The company recognises revenue at the point of time on the basis of completion of milestones i.e., when the underlying services are performed as per the terms of the contract and when the control is transferred to the customer.
Upfront non-refundable payments received under these arrangements are deferred and recognised as revenue over the expected period over which the related services are expected to be performed.
3. Profit Sharing Revenues
The Company from time to time enters into arrangements with certain business partners for the sale of its products in certain markets. Under such arrangements, the Company sells its products to the business partners at a base purchase price agreed upon in the arrangement and is also entitled to a profit share which is over and above the base purchase price. The profit share is typically dependent on the ultimate net sale proceeds or net profits, subject to any reductions or adjustments that are required by the terms of the arrangement. Revenue in an amount equal to the base purchase price is recognised in these transactions upon delivery of products
to the business partners. An additional amount representing the profit share component is recognised as revenue only to the extent that it is highly probable that a significant reversal will not occur.
Performance Obligation and Transaction Price (Fixed and Variable)

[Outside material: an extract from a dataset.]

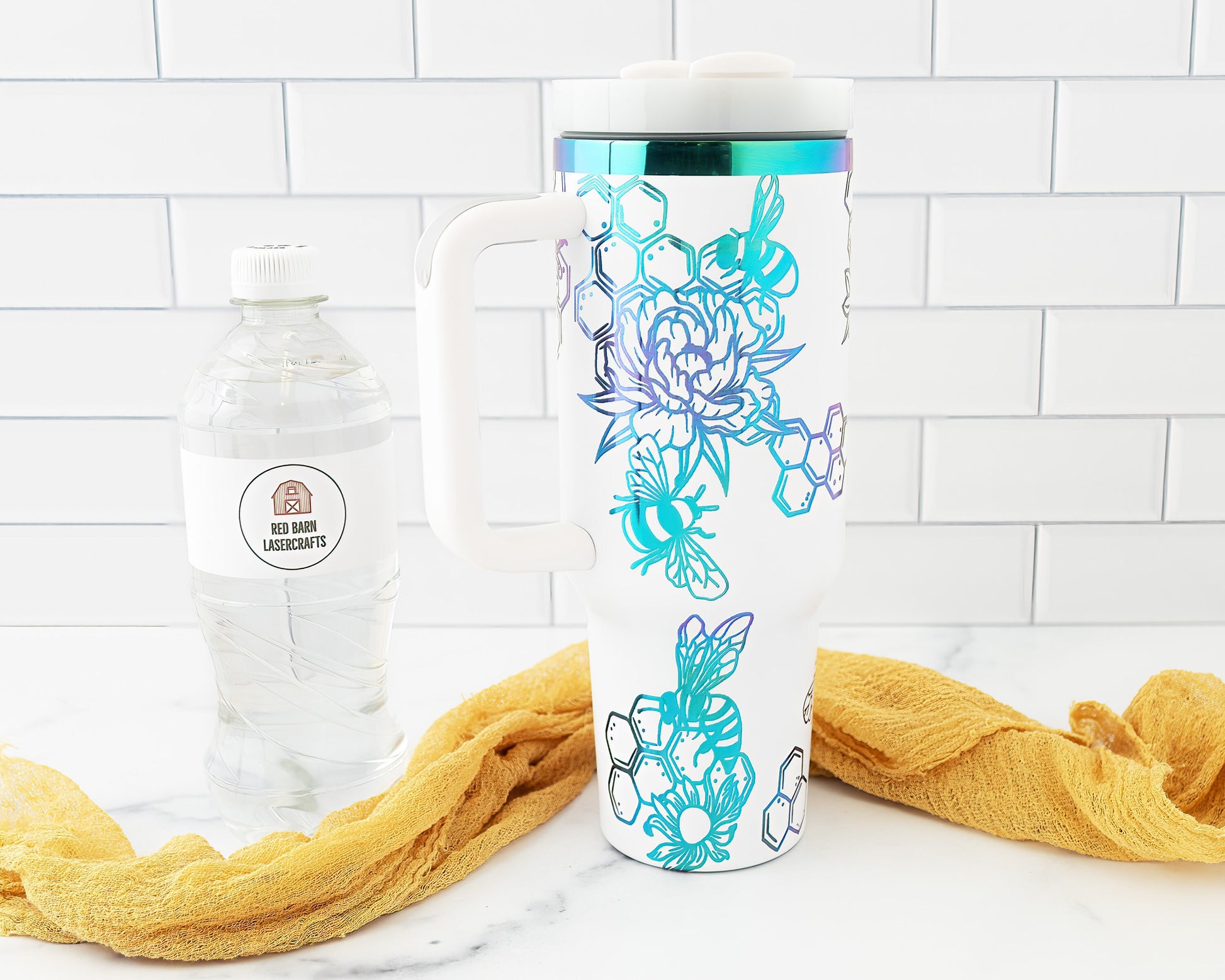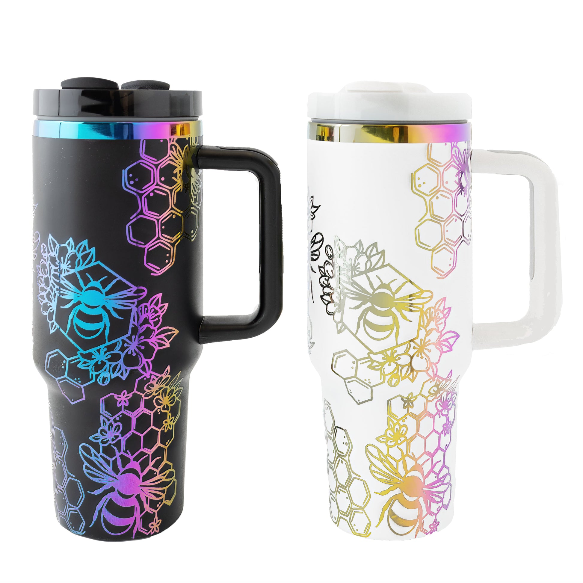 Bring a cheerful buzz to your daily routine with this stunning 40oz tumbler, laser engraved with a colorful rainbow honeycomb and bumble bee design. A charming and functional gift for nature lovers, gardeners, or anyone who enjoys a pop of positivity, this insulated tumbler keeps drinks hot or cold for hours.

At inception of the contract, Company assesses the goods or services promised in a contract with a customer and identifies each promise to transfer to the customer as a performance obligation which is either:
(a) a good or service (or a bundle of goods or services) that is distinct; or
(b) a series of distinct goods or services that are substantially the same and that have the same pattern of transfer to the customer.
Based on the terms of the contract and as per business practice, the Company determines the transaction price considering the amount it expects to be entitled in exchange of transferring promised goods or services to the customer. It excluded amount collected on behalf of third parties such as taxes.

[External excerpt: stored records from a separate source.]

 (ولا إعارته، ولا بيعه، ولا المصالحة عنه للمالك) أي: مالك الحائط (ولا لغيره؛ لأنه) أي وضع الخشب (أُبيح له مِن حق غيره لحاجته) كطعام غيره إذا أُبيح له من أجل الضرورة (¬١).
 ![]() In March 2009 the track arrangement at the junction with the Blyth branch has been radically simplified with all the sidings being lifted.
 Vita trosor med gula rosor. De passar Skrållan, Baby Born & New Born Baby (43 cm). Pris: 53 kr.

For allocating the transaction price, the Company has measured the
revenue in respect of each performance obligation of a contract at its relative standalone selling price. The price that is regularly charged for an item when sold separately is the best evidence of its standalone selling price.
IX. Government Grants
Export entitlement under the Duty Drawback scheme, Rodtep scheme, Merchandise
Exports Incentive Scheme ("MEIS") is grant related to income. The Company presents the grant income from export entitlements and related expenses on gross basis.
X. Employee Benefits
a) Short Term Employee Benefits
1. Benefits such as salaries and wages, etc. and the expected cost of the bonus/ ex-gratia are recognised in
the period in which the employee renders the related service.
2. Liability for Leave Travel Allowance which are in the nature of short¬ term benefits is provided for as per Company policies based on the undiscounted amount of benefits expected to be paid in exchange of services rendered.

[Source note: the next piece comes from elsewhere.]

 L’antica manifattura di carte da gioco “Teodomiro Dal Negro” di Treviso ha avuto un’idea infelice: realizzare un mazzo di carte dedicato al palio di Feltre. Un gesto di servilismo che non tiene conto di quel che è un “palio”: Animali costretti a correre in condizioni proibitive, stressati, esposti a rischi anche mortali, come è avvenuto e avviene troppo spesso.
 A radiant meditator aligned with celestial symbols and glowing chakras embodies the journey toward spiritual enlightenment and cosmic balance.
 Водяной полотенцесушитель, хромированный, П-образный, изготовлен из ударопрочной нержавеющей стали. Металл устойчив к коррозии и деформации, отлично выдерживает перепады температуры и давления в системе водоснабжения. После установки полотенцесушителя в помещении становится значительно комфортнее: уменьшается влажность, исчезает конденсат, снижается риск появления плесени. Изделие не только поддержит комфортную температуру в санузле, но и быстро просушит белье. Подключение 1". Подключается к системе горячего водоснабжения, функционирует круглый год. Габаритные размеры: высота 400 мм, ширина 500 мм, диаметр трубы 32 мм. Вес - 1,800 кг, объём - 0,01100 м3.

3. Compensated absences which are not expected to occur within twelve months after the end of the period in which the employee renders the related services are recognized as a liability at the present value of the defined benefit obligation at the balance sheet date. The discount rate used for determining the present value of the obligation under long term employee benefits, are based on the market yields on Government securities as at the balance sheet date.
b) Defined Contribution Plans
The Company has Defined Contribution Plans for post-employment benefits charged to the statement of profit and loss on accrual basis, in the form of
- Provident fund for all employees which is administered by Regional Provident Fund Commissioner.
- State Defined Contribution Plans: Employer's Contribution to Employees' State Insurance.